In a nutshell, the Q-learning algorithm (HARM) is able to spread a reward given in a specific state (e.g. the agent reaching a position on the map) to the surrounding space so the brain can take proper action by climbing steepest gradient of the Q function. However, if the goal state is far away from the current state, it might take a long time to build a strategy that will lead to that goal state. Also, the number of variables in the environment can lead to extremely long routes through the “state space”, rendering the problem almost unsolvable.
There are several ideas that can improve the overall performance of the algorithm. First, we made the agent reward itself for any successful change to the environment. The motivation value can be assigned to each variable change so the agent is constantly motivated to change its surroundings.

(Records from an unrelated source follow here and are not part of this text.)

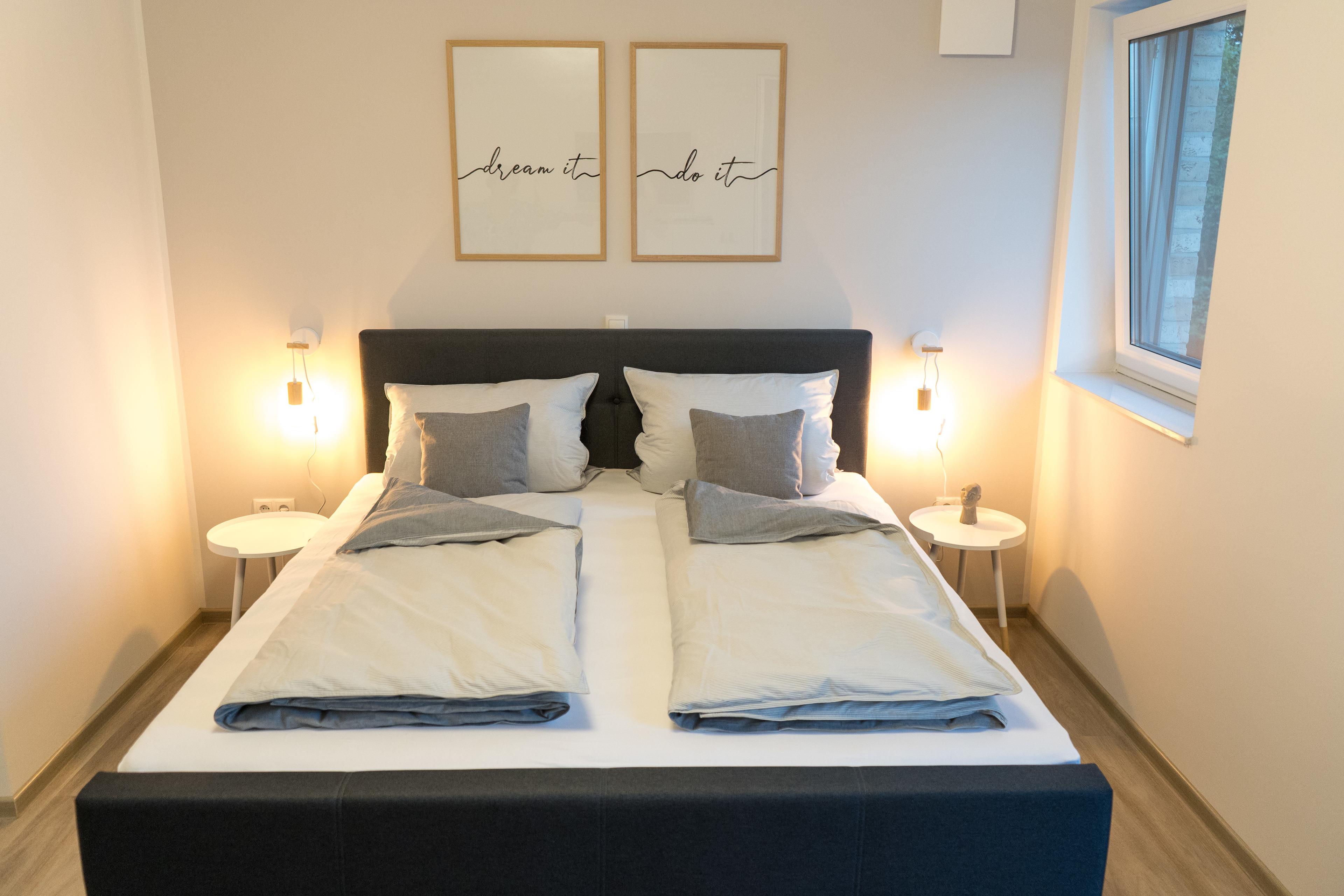 Jedes der 3Häuser wurde mit Liebe zum Detail und auf hohem Niveau ausgestattet. Hierzu zählen sowohl die gemütlichen Boxspringbetten in den zwei Schlafzimmern als auch die Smart-TVs, das kostenfreie WLAN und die erstklassig eingerichteten, offenen Wohnküchen. Die am Haus gelegenen Carports und Parkplätze mit direktem Zugang zur e-Ladestation runden unser Angebot für Sie ab.
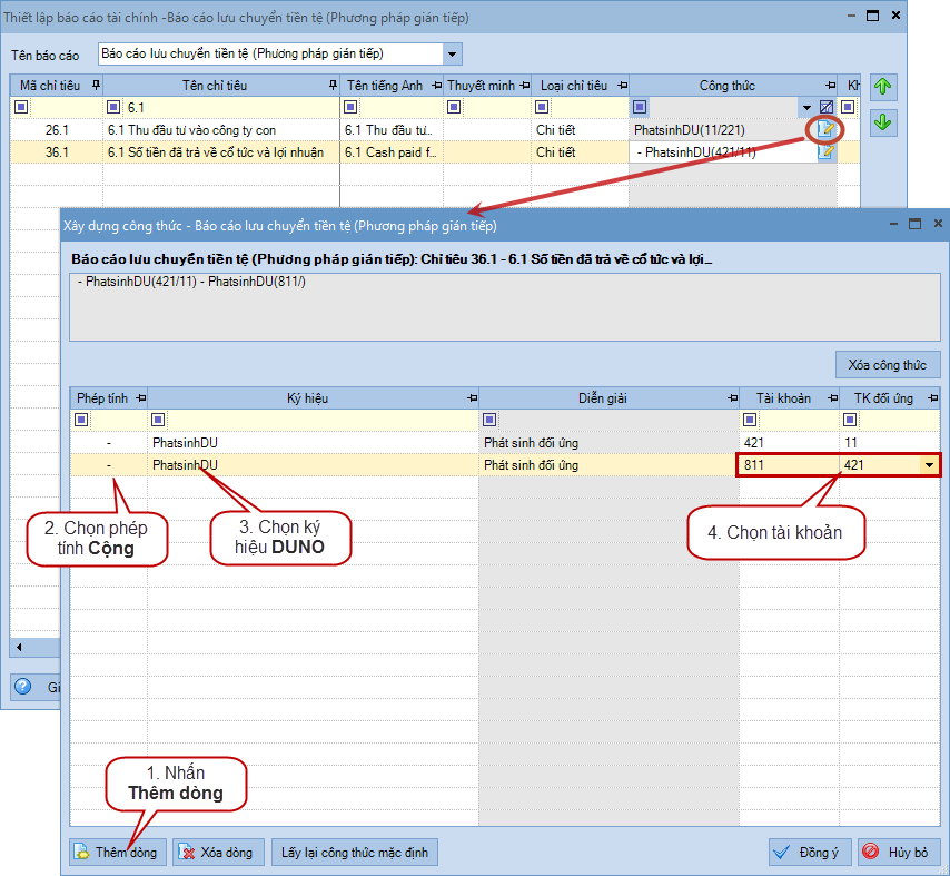 • Đơn vị có nghiệp vụ phạt vi phạm hành chính Nợ TK 811/Có TK 421, sau đó hạch toán Nợ TK 421/11x (đúng ra phải hạch toán Nợ TK 811/Có TK 11x) => Khi đó, Kế toán sẽ bổ sung thêm công thức tính cho chỉ tiêu 36.16.1 Số tiền đã trả về cổ tức và lợi nhuận, thêm công thức PhatsinhDU(811/421) để giảm đi
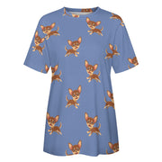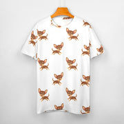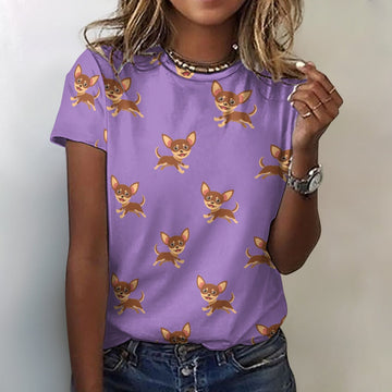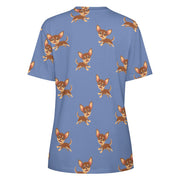 Immerse yourself in the playful charm of our Happy Chocolate Chihuahua Love All Over Print Women's Cotton T-Shirt.
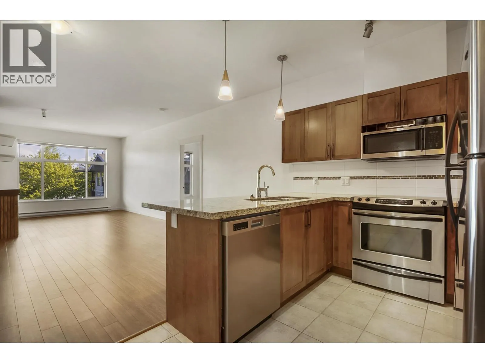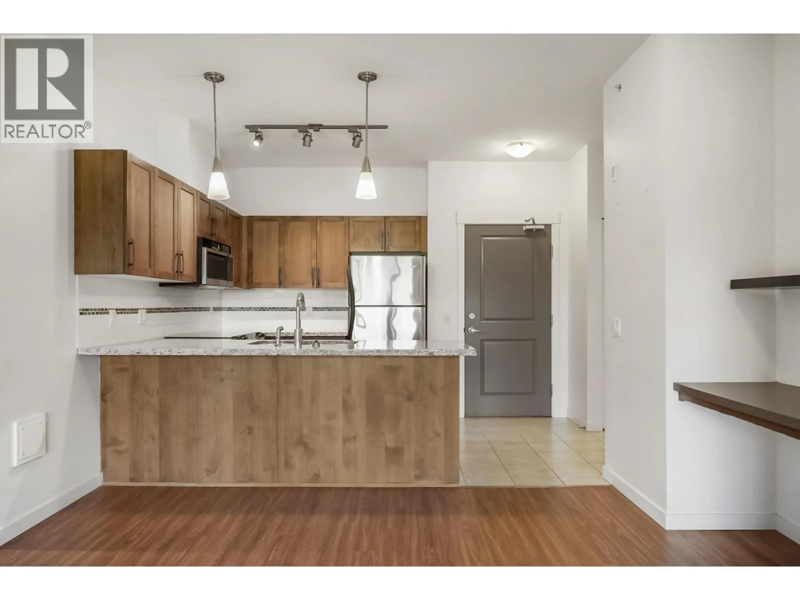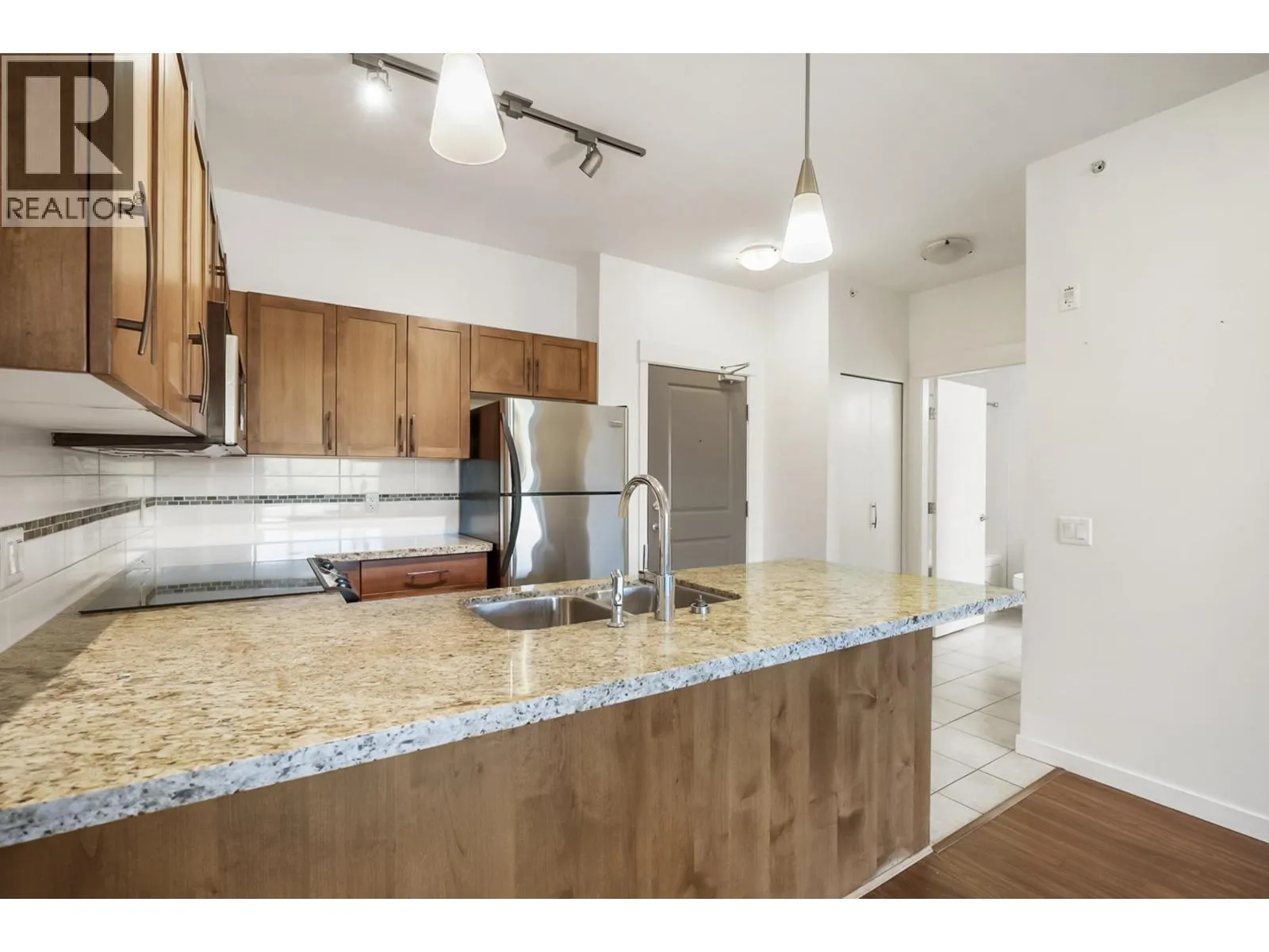 Welcome to the Origin. This spacious 961SF TOP floor conveniently located in the heart of Pitt Meadows. Close proximity to schools, shops library, Rec Center, transit, trails & park. This 2 bedroom 2 full bath home with a Mountain VIEW features and open floor plan which makes it great for entertaining. 2 side-by-side parking, bike room, and a CP storage locker. Open kitchen with stainless steal appliances, granite counters and large peninsula. Bedrooms on either side of the home are prefect for investors/renters. Bonus, the covered deck with access from the primary with a beautiful view of the mountains. Don't forget its a TOP FLOOR. Three pictures virtually staged (id:27476)
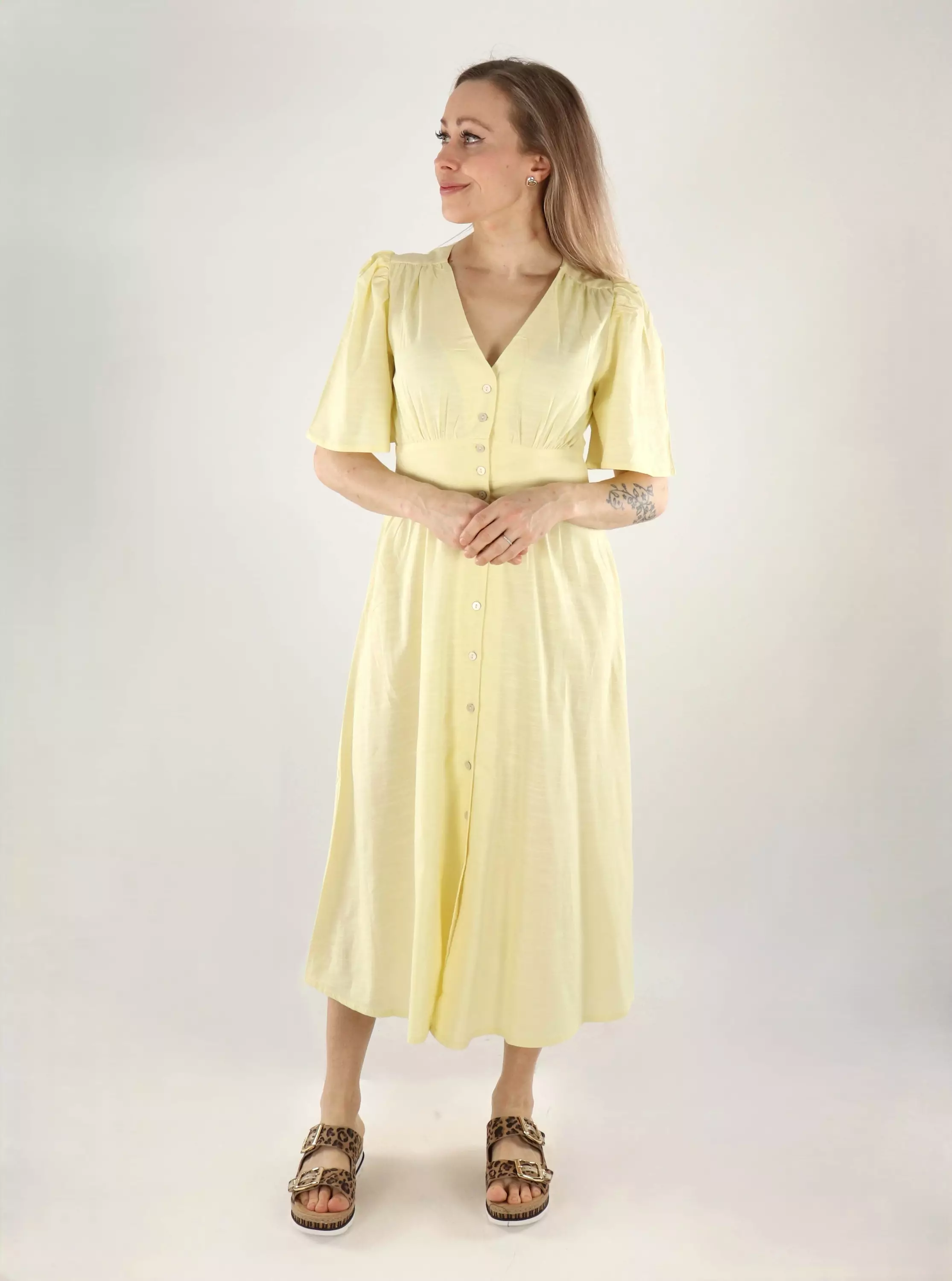 A feminine dress from JDY with a V-neck and button closure. The lightweight material feels comfortable on the skin!

Second, the brain can develop a set of abstract actions assigned to any type of change that is possible (e.g. changing the state of a door) and can build an underlying strategy for how this change can be made. With such knowledge, the whole hierarchy of Q functions can be created. Third, in order to lower the complexity of the problem, the brain can analyze its “experience buffer” from the past and eventually drop variables that are not affected by its actions or are not necessary for the current goal (i.e. strategy to fulfill the goal).
A mixture of these improvements creates a hierarchical decision model that is built during the exploration phase of learning (the agent is left to randomly explore the environment). After a sufficient amount of knowledge is gathered, we can “order” the agent to fulfill a goal by manually raising motivation value for a selected variable. The agent then will execute the learned abstract action (strategy) by traversing the strategy tree and unrolling it into a chain of primitive actions that lie at the bottom.
Like with the brain’s ability to play Pong/Breakout, this milestone doesn’t mean that our AI is useful to people or businesses at this stage. It does mean that our team is on the right track in its general AI research and development. We’re hitting the milestones we need to hit.
We never lose sight of our long term goal, which is to build a brain that can think, learn, and interact in the world like a human would. We want to create an agent which can be flexible in a changeable environment, just like human beings can. We also know that general AI will eventually bring amazing things to the world – cures for diseases, inventing things for people that would take much longer to invent without the cooperation of AI robots, and teaching us much more than we currently know about the universe.